In contrast to some Serbs in the enclaves, Serbian leaders in Serb-majority areas in northern
Kosovo feel that they can do without cooperation with Kosovo authorities, as they can count on
continued support from adjacent Serbia. The ICO and the Kosovo government planned to hold
municipal elections in Serbian-dominated northern Mitrovica in May 2010. However, given
Serbia’s grip on the region and its open hostility to the plan to extend Kosovo government
institutions there, the vote in northern Mitrovica has been postponed indefinitely. Instead, Serbia
held its own local elections there.
The EU has responded to Belgrade’s tight grip on northern Kosovo by embarking on a step-by-
step approach without formal plans or deadlines under which the EU would work with local
leaders in the north on issues such as economic development and rule-of-law while avoiding the
status question. The EU has opened an “EU House” in the north to inform local residents about
the EU. Other ideas include a water supply project and building a health care center in the north
to show local people the benefits of cooperation with the EU. This approach has been viewed
with impatience by the Kosovo government, which wants the international community to take
more forceful steps to help it assert Kosovo’s sovereignty over these areas.
After the ICJ ruled in July 2010 that Kosovo’s declaration of independence did not violate
international law, the EU pressed Serbia to agree to hold EU-facilitated talks with Kosovo on
technical issues. The collapse of the Kosovo government in late 2010 and the need for new
elections delayed the talks, which began on March 8-9, 2011. The first round of the negotiations
discussed such issues as land registry records, air traffic, Kosovo's participation in regional
initiatives (particularly the Central Europe Free Trade Agreement), trade, and freedom of
movement.
Both sides said the talks took place in a constructive atmosphere.

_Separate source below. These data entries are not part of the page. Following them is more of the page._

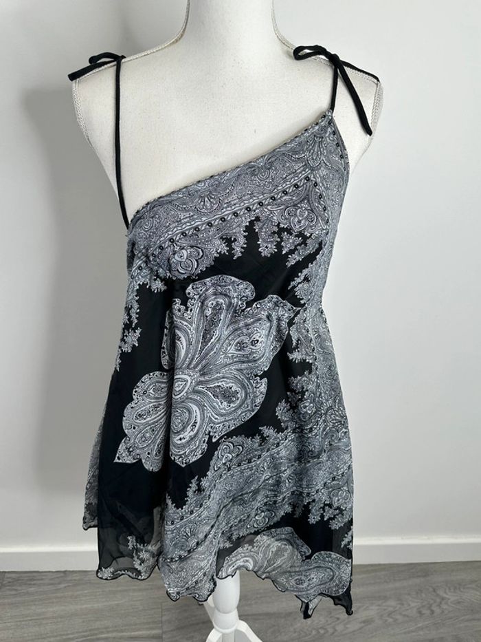 Débardeur foulard asymétrique noir et blanc Paisley Y2K T38 M - photo numéro 1
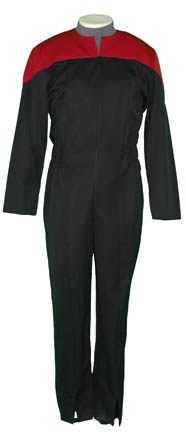 VOYAGER: STARFLEET COMMAND RED-MALE UNIFORM JUMPSUIT This is a Star Trek VII: Generations-style uniform jumpsuit that continues use through Deep Space Nine and Voyager. It is a black uniform with command red shoulders and it zips up the front to just below the color line, while it ends with black … |
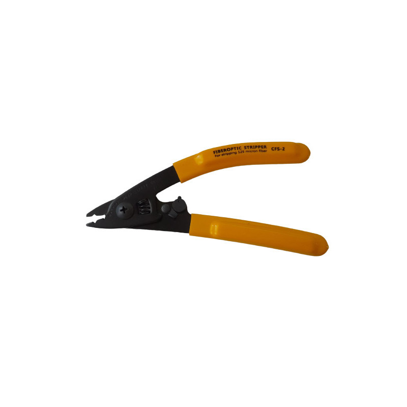 Peladora de precisión para cable de fibra óptica. El cable de fibra viene protegido por una finísima capa de plástico que hay que retirar para poder realizar la fusión. Con esta peladora se puede realizar este tipo de trabajo de precisión.
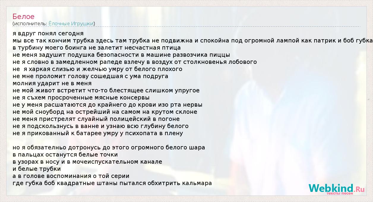я вдруг понял сегодня мы все так кончим трубка здесь там трубка не подвижна и спокойна под огромной лампой как патрик и боб губка в турбину моего боинга не залетит несчастная птица не меня задушит подушка безопасности в машине развозчика пиццы не я словно в замедленном рапеде взлечу в воздух от столкновенья лобового не я харкая слизью и желчью умру от белого плохого не мне проломит голову сошедшая с ума подруга молния ударит не в меня не мой живот встретит что-то блестящее слишком упругое не я съхем просроченные мясные консервы не у меня расшатаются до крайнего до крови изо рта нервы не мой сноуборд на острейший на самом на крутом склоне не меня пристрелят слуайный полицейский в погоне не я подскользнусь в ванне и узнаю всю глубину белого не я прикованный к батарее умру у психопата в плену но я обязателньо дотронусь до этого огромного белого шара в пальцах останутся белые точки в узорах в носу и в мочеиспускательном канале и белые трубки а в голове воспоминания о той серии где губка боб квадратные штаны пытался обхитрить кальмара
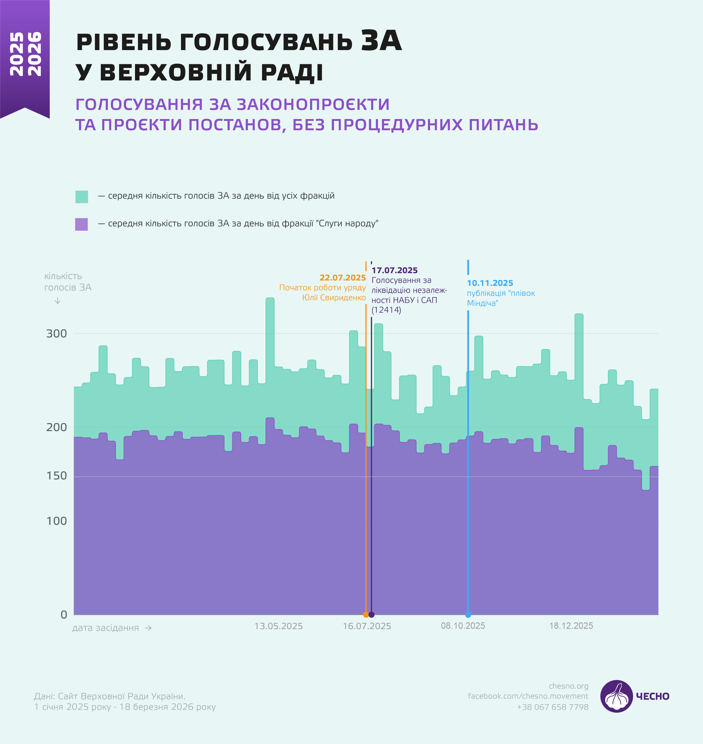 ЧЕСНО ще в жовтні писав, що “слугам” не вистачало в середньому 35 голосів для ухвалення рішень. Так, якщо на початку роботи ІХ скликання “слуги” давали в середньому 210–220 голосів “за”, то до осені 2025 року ця цифра впала до 186–195 голосів.

Kosovo’s chief negotiator for
the talks has repeatedly stated that Kosovo’s status will not be a subject for negotiations.

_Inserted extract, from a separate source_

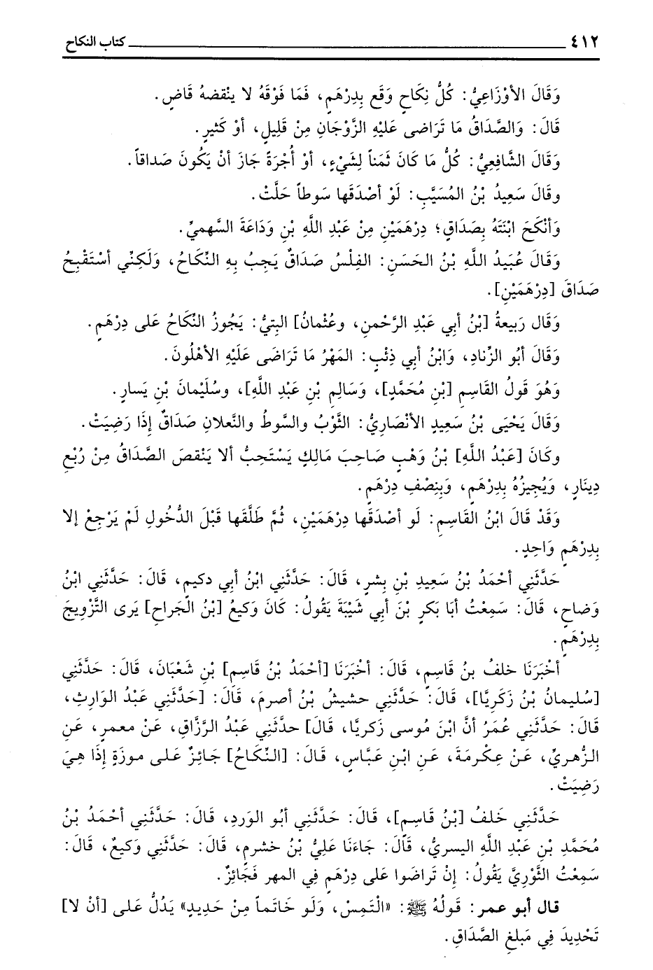 وَقَالَ الْأَوْزَاعِيُّ كُلُّ نِكَاحٍ وَقَعَ بِدِرْهَمٍ فَمَا فَوْقَهُ لَا يَنْقُضُهُ قَاضٍ

However, many of the technical issues have clear implications for sovereignty, perhaps making it
difficult to separate the two. Nevertheless, Belgrade’s negotiator stressed that he did not want to
do anything to push the other side from the table, and that he was ready to look for solutions that
would not compromise to positions of either side on status. Serbia may want to appear to be
constructive at the talks in order to persuade the EU to grant it membership candidate status
before Serbia holds new parliamentary elections next year.

4 Republic of Kosovo, Central Election Committee, Preliminary Mayoral Results 2009.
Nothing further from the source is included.